Saagar Enjeti | White House Correspondent

Secretary of State Rex Tillerson did not mince words on the U.S.-Iranian relationship during a meeting of all signatories of the Iranian nuclear deal at UN headquarters in late September, Dexter Filkins of The New Yorker reports.

Tillerson reportedly let the foreign minister of each of the six other countries speak first, including Iranian Foreign Minister Javad Zarif, who angrily protested U.S. sanctions which he claimed were hindering the regime’s economy.

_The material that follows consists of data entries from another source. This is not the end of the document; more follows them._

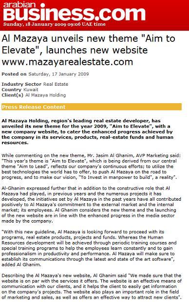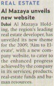 Al Mazaya Holding, region’s leading real estate developer, has unveiled its new theme for the year 2009, "Aim to Elevate", with a new company website, to cater the enhanced progress achieved by the company in its services, products, real-estate funds and human resources.
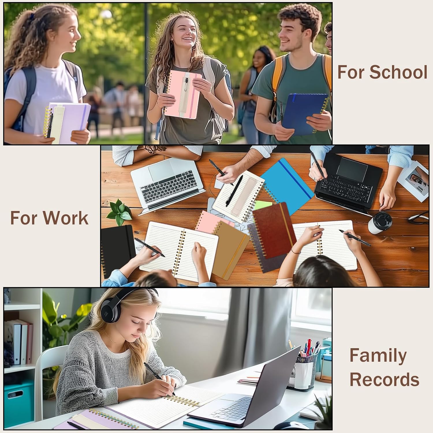 Un joli cahier sous une couverture simili cuir noir avec des feuilles muni de lignes le tout détachables car le cahier est en spirale. Ce cahier est muni du stylo qui l'accompagne et assorti ainsi qu'un porte stylo de couleur beige simili cuir également Les feuilles sont plus épaisse que la moyenne et donc de qualités ! Il est agréable d'écrire avec le stylo sur celui-ci qui est refermeable !
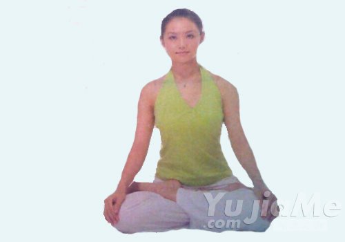 1、以蓮花坐姿坐下。保持脊柱挺直,頭部與脊柱在同一條直線上。
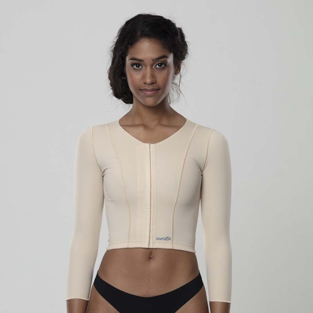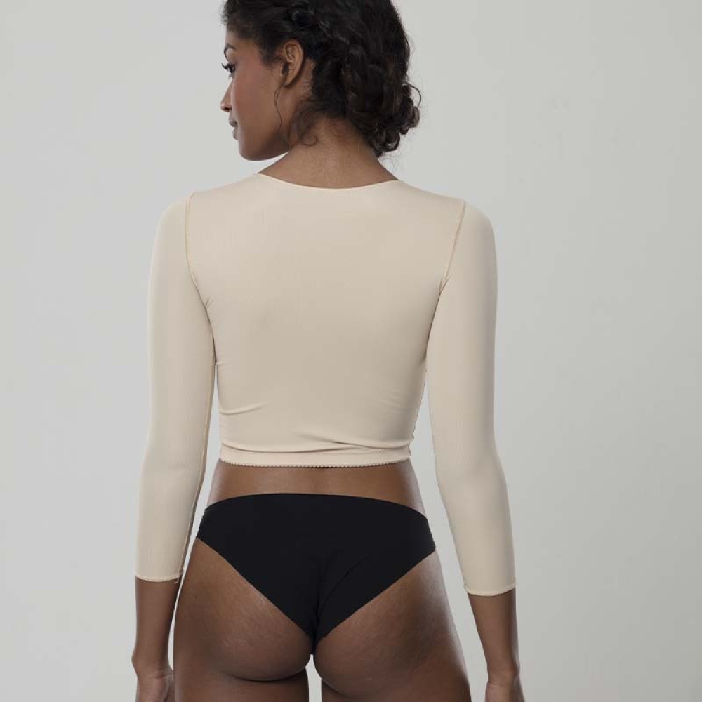 Спеціально розроблена блуза для відновлюваного періоду після ліпосакції рук і спини. Модель має застібку на гачках з трьома планками петель і занижену лінію ворота, що дозволяє носити бандаж під звичайним одягом.

The secretary then calmly delivered a scathing address on the revolutionary regime, saying, “no one can credibly claim that Iran has positively contributed to regional peace and security,” continuing that “lifting the sanctions as required under the terms of the J.C.P.O.A. has enabled Iran’s unacceptable behavior,” using the technical acronym for the nuclear deal.

Tillerson again rebuffed another protest from Zarif that sanctions relief had not come speedy enough to the Islamic republic. “The modern-day U.S.-Iran relationship is now almost forty years old,” adding “It was born out of a revolution, with our Embassy under siege—and we were very badly treated,” Tillerson said.

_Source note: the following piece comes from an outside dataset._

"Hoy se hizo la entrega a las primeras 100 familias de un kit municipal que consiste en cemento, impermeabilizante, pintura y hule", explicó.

“The relationship has been defined by violence—against us,” he coldly declared.

Tillerson’s tough stance towards Iran came during an extraordinary UN General Assembly meeting in which President Donald Trump decried the nuclear deal as an “embarrassment” and strongly hinted that he would de-certify it in an upcoming review to the U.S. Congress.

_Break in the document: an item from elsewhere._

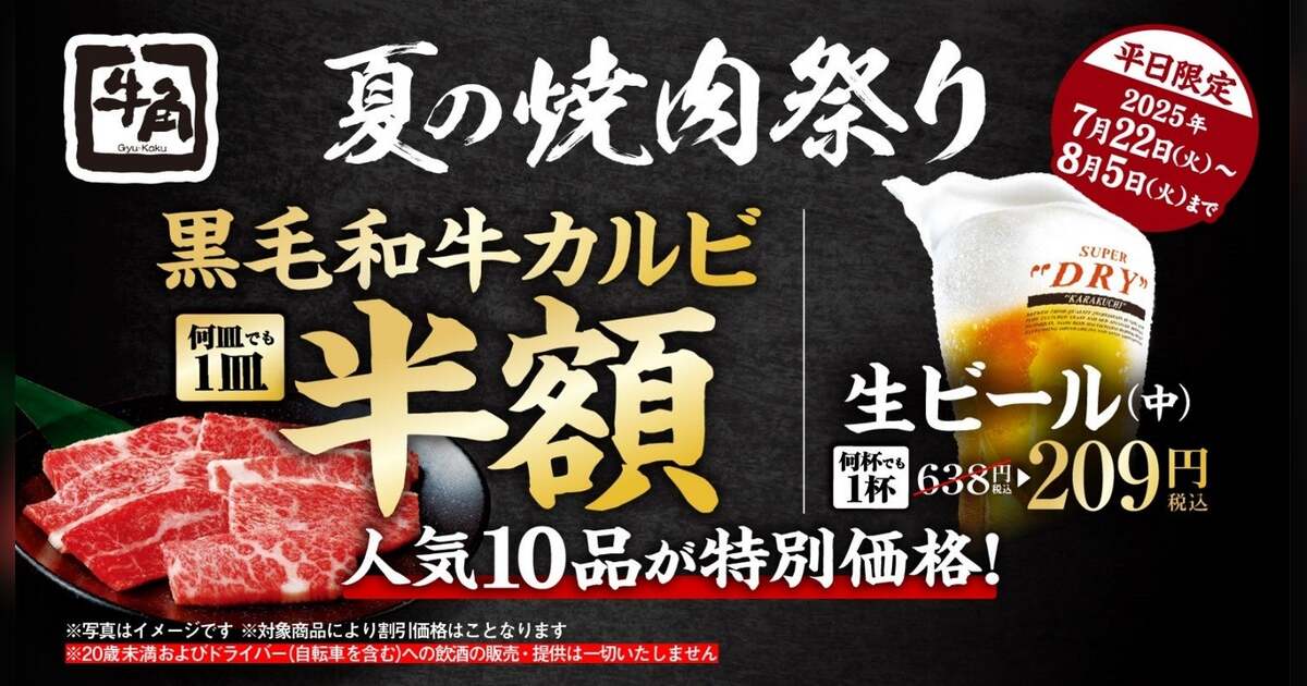 コロワイドグループの株式会社レインズインターナショナルが展開する牛角では、2025年7月22日(火)から8月5日(火)の平日限定で「牛角夏の焼肉祭り」を実施いたします。本キャンペーンでは、黒毛和牛カルビをはじめとした人気商品10品が、何皿ご注文いただいても特別価格でお楽しみいただける内容となっております。

Multiple outlets now report that Trump will de-certify the deal setting the stage for possible confrontation with the regime and other signatories of the deal. Decertification of the deal would trigger a two-month review period by Congress and a possible effort by the Trump administration to convince other parties in the nuclear agreement to try and impose further restrictions on Iran.


The main objection of the Trump administration is the deal’s “sunset clause” — the lack of mechanism to deal with Iran’s ballistic missile testing — and its support of violent terrorist organizations across the Middle East. The sunset clause is the eclipse of restrictions on Iran’s nuclear agreements in the 10-15 year period, which would allow it to develop nuclear weapons without any international penalties.

“This deal only makes sense if you assume, contrary to all experience, that Iran will evolve into a lawful, peaceful, law-abiding regime in 10 years,” Republican Sen. Tom Cottonof Arkansas said in a recent speech to the Council On Foreign Relations.